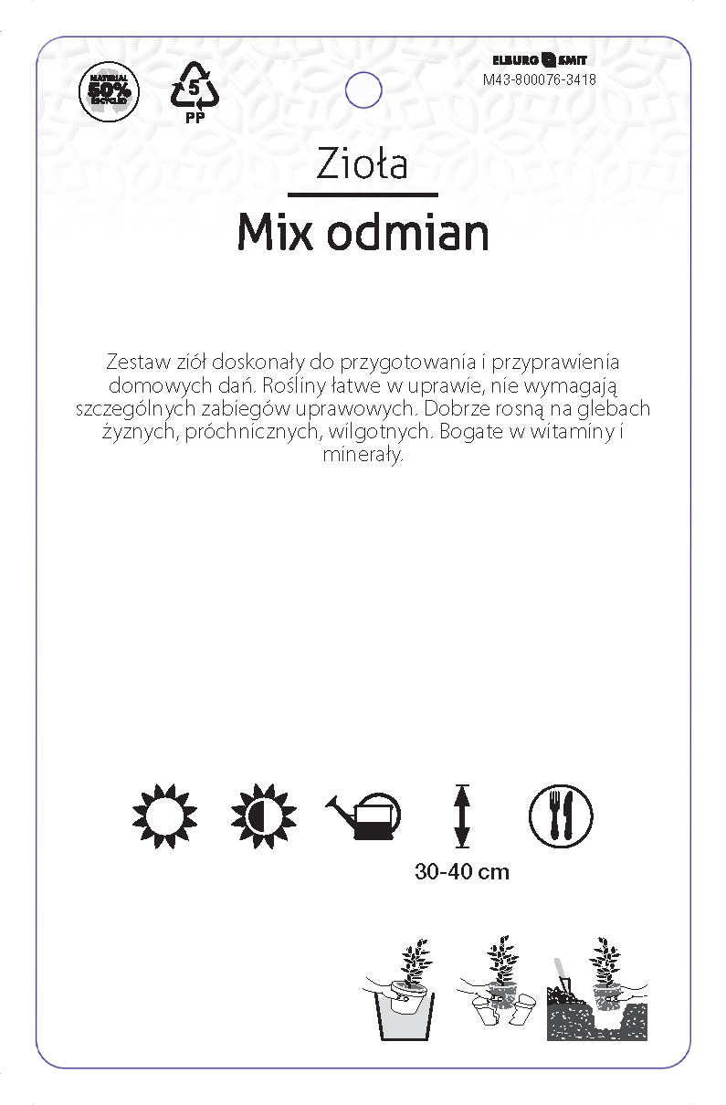 Etykieta zawieszana z gumką w rozmiarze 92×145 mm. Wykonana z polipropylenu o grubości 0,5 mm w 50% pochodzącego z recyklingu. Etykieta odporna na działanie czynników atmosferycznych. Całość dodatkowo zabezpieczona jest lakierem UV zapobiegającym utracie kolorów.
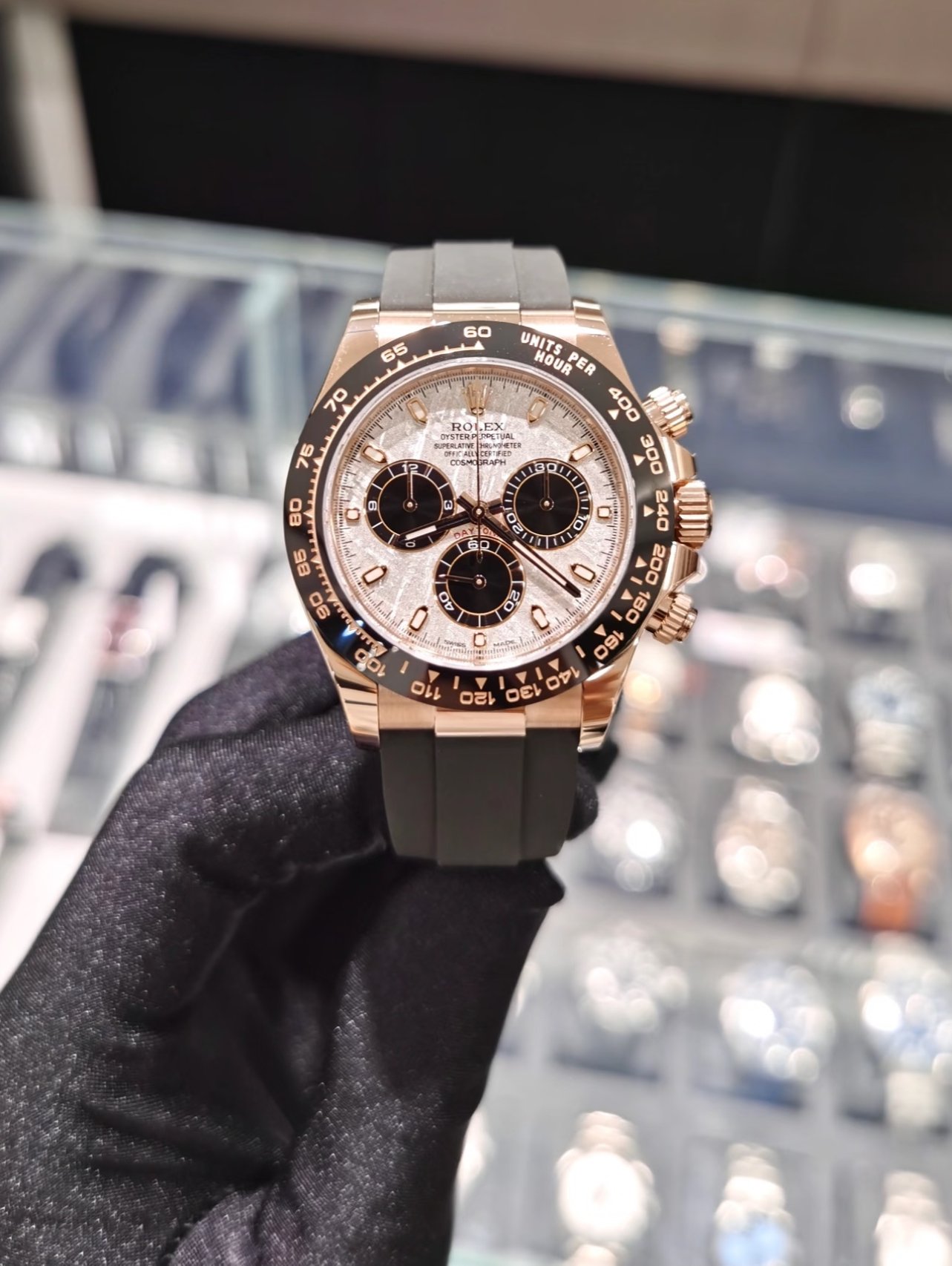 This is the only Cosmograph Daytona model equipped with a meteorite dial. Meteorites are the cores of exploded asteroids or planets that traverse the solar system before entering Earth’s orbit and falling to the planet due to gravitational pull.
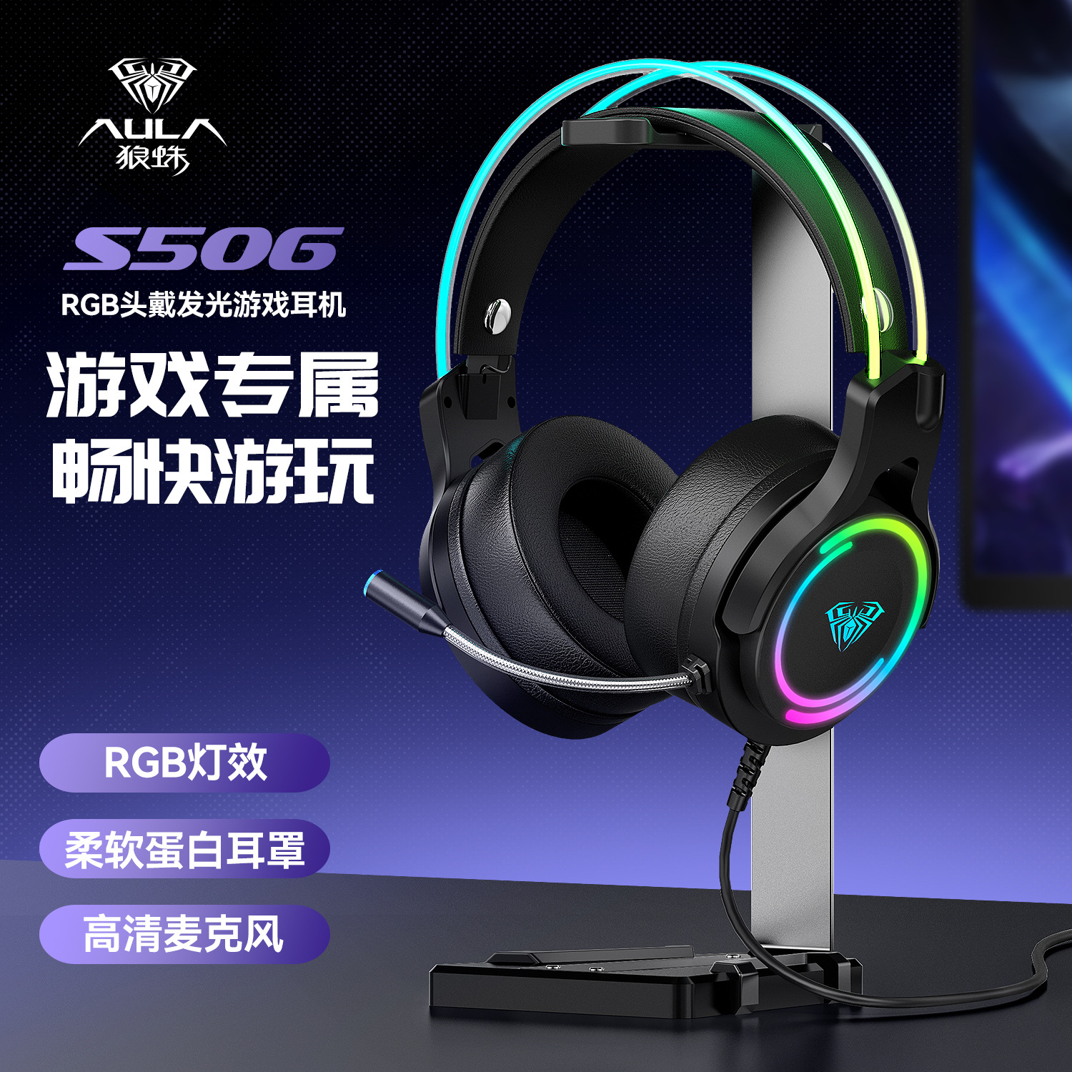 狼蛛爆款游戏耳机吃鸡有线发光电竞头戴式笔记本电脑7.1声辨耳麦
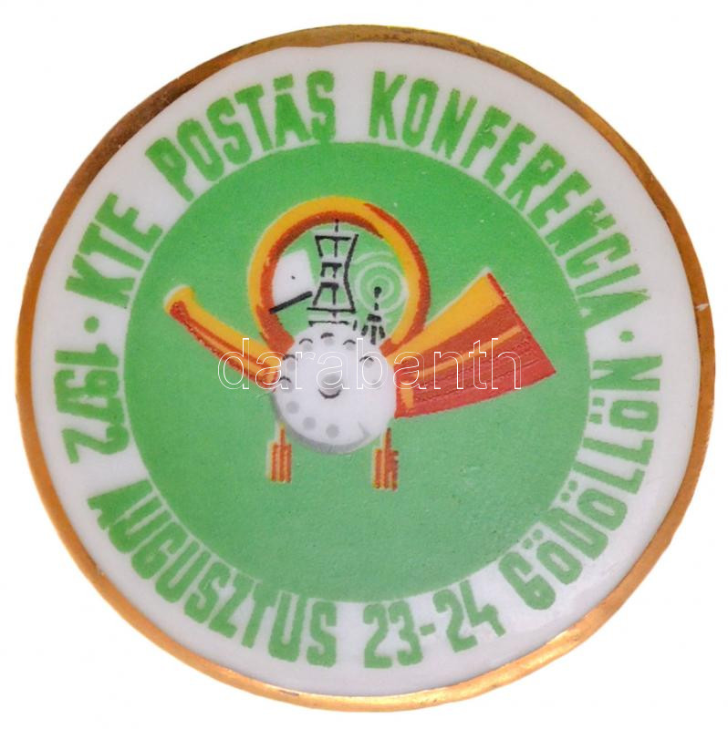 1972. "KTE Postás Konferencia - 1972. Augusztus 23-24. Gödöllőn" festett, jelzett Hollóházi jelvény (38mm) T:1
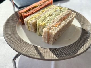 紅茶はいろいろ選べるので、ちょっと甘酸っぱいハーブティーにしました。ケーキがすごく甘いところが多いのですが、ここはそんなこともなく普通にたべられました。サンドウィッチもちょっと日本には無いようなフィリングで美味しかったです。船はそんなに揺れないし、席から離れてガラス張りの先頭とかで写真も撮れて、大満足のクルーズでした。
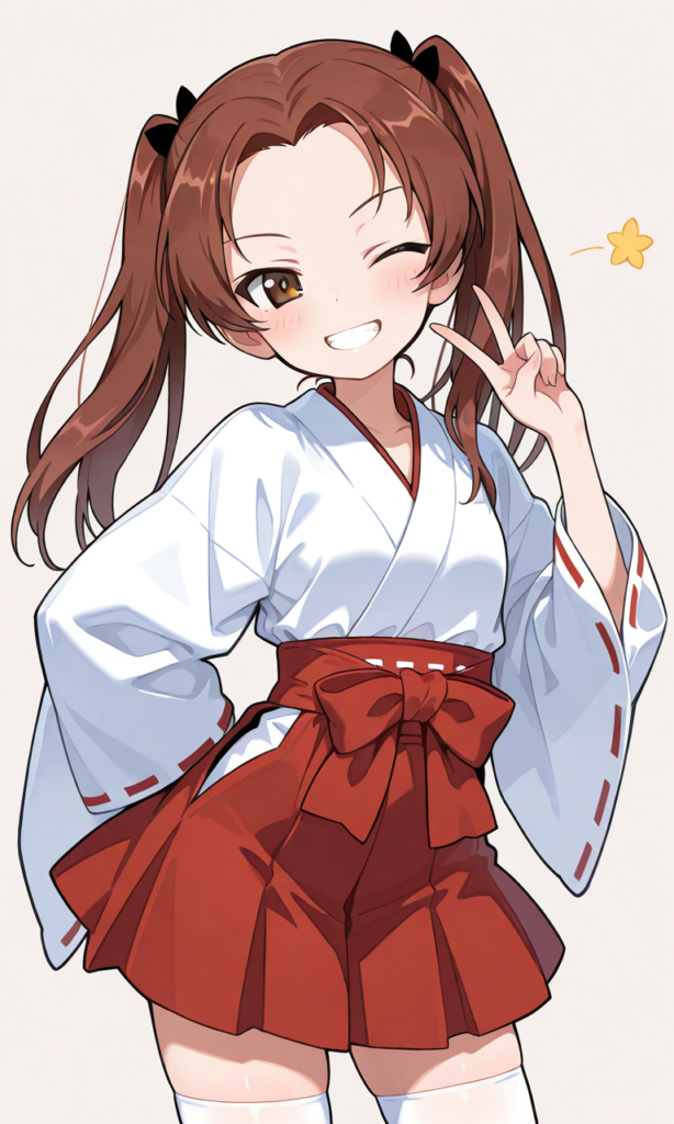 PixAI【Shiitake-Mix】1girl, kadotani anzu(GIRLS und PANZER), miko, looking at viewer, white thighhighs, grin, cowboy shot, simple background, one eye closed, masterpiece, high quality, neon pop art style

● ● ● ● ●

◆ WHAT IS REQUIRED ◆
In your copy of the material, every word must match and no image should appear.

◆ RESPONSE BOX ◆
 Etykieta zawieszana z gumką w rozmiarze 92×145 mm. Wykonana z polipropylenu o grubości 0,5 mm w 50% pochodzącego z recyklingu. Etykieta odporna na działanie czynników atmosferycznych. Całość dodatkowo zabezpieczona jest lakierem UV zapobiegającym utracie kolorów.
 This is the only Cosmograph Daytona model equipped with a meteorite dial. Meteorites are the cores of exploded asteroids or planets that traverse the solar system before entering Earth’s orbit and falling to the planet due to gravitational pull.
 狼蛛爆款游戏耳机吃鸡有线发光电竞头戴式笔记本电脑7.1声辨耳麦
 1972. "KTE Postás Konferencia - 1972. Augusztus 23-24. Gödöllőn" festett, jelzett Hollóházi jelvény (38mm) T:1
 紅茶はいろいろ選べるので、ちょっと甘酸っぱいハーブティーにしました。ケーキがすごく甘いところが多いのですが、ここはそんなこともなく普通にたべられました。サンドウィッチもちょっと日本には無いようなフィリングで美味しかったです。船はそんなに揺れないし、席から離れてガラス張りの先頭とかで写真も撮れて、大満足のクルーズでした。
 PixAI【Shiitake-Mix】1girl, kadotani anzu(GIRLS und PANZER), miko, looking at viewer, white thighhighs, grin, cowboy shot, simple background, one eye closed, masterpiece, high quality, neon pop art style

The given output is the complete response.